High Court of Australia determines the Credit Hire Appeals
We were instructed by the appellants in Arsalan v Rixon, Nguyen v Cassim  HCA 40. The decision was handed down on 8 December 2021.
The High Court did not allow the appeals, however, the orders of the Court of Appeal of the Supreme Court of New South Wales in Arsalan were varied to require the plaintiff's damages to be assessed in accordance with the reasons for judgment of the High Court of Australia and with the magistrate's reasons as to the credit hire costs.
In Arsalan, Magistrate Keogh had found that the credit hire rate claimed by the plaintiff included non-compensable benefits and did not represent a market rate. Therefore, the damages awarded will be less than what is claimed and in accordance with Her Honour's findings regarding non-compensable benefits.
The reasons for the decision
In its unanimous decision, the Court found that the heads of damage being compensated are physical inconvenience; and loss of amenity of use. The plaintiff is entitled to take steps to mitigate both aspects of loss by the hire, at a reasonable rate of an equivalent car, for a reasonable period of repair.
Reasonableness of the cost of hire
The reasons set out some of the grounds which the defendant might rely on to seek to establish that the amount of hire costs incurred was unreasonable, they include:
the replacement vehicle hired, was unreasonable in light of the range of vehicles that might fairly be regarded as equivalent to the damaged vehicle;
the period of hire, having regard to the reasonable period of time for repairs;
the extent of costs (non-compensable) benefits included in the hire charge.
The decision does not give guidance on how to determine what is a reasonable equivalent car, however, reference is made to range of vehicles that might fairly be regarded as equivalent to the damaged vehicle, and the decision of the England and Wales Court of Appeal in Watson v Noire is provided as an example of a plaintiff hiring a vehicle considered to be a reasonable equivalent at a price that was not reasonable. Therefore, the range of vehicles provided by ordinary hire car companies such as compact, sedan, SUV, and prestige, should serve as a yard stick for a fairly equivalent range and avoid argument over badge and particular classes of vehicles.
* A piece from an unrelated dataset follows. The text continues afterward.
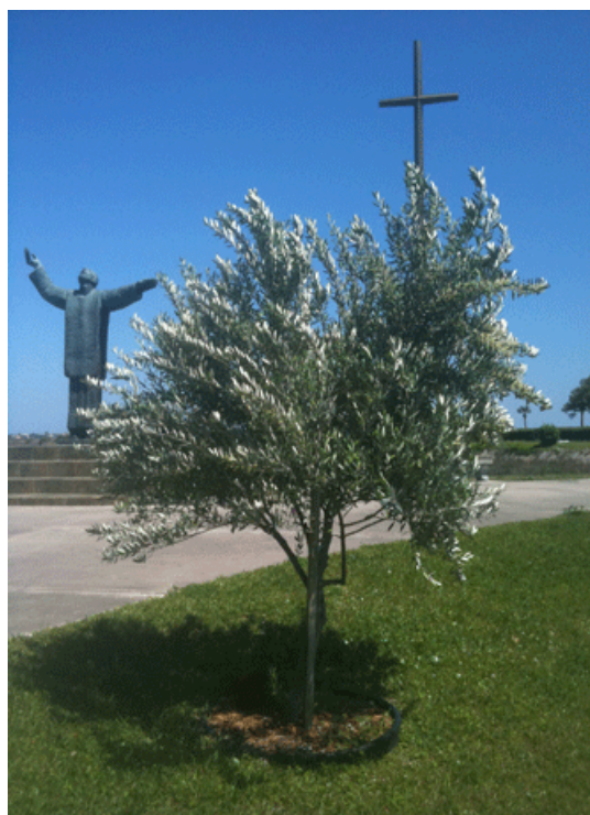
Blooming Olive St. Augustine, FL 2011

Today: Currently (2019) there are approximately 800 acres of olives under active cultivation in Florida. The groves range from back-yard hobby growers with several trees to 100+ acre commercial operations. In addition, several Florida nurseries propagate and sell olive trees for fruit production and ornamental purposes. While this diversity of Florida olive plantings is encouraging and recent successes with olives in South Georgia are of note; more hard science is warranted before significant investments of capital can be considered.

The decison also cites the English authorities that are commonly referred to with approval, which should result in a uniform approach in each jurisdiction to awarding damages in credit hire claims, by following those decisions and awarding damages based on the lowest market rates (because doing otherwise unfairly rewards the credit hire company), and acknowledging the non-compensable benefits and the costs of those benefits involved in credit hire claims.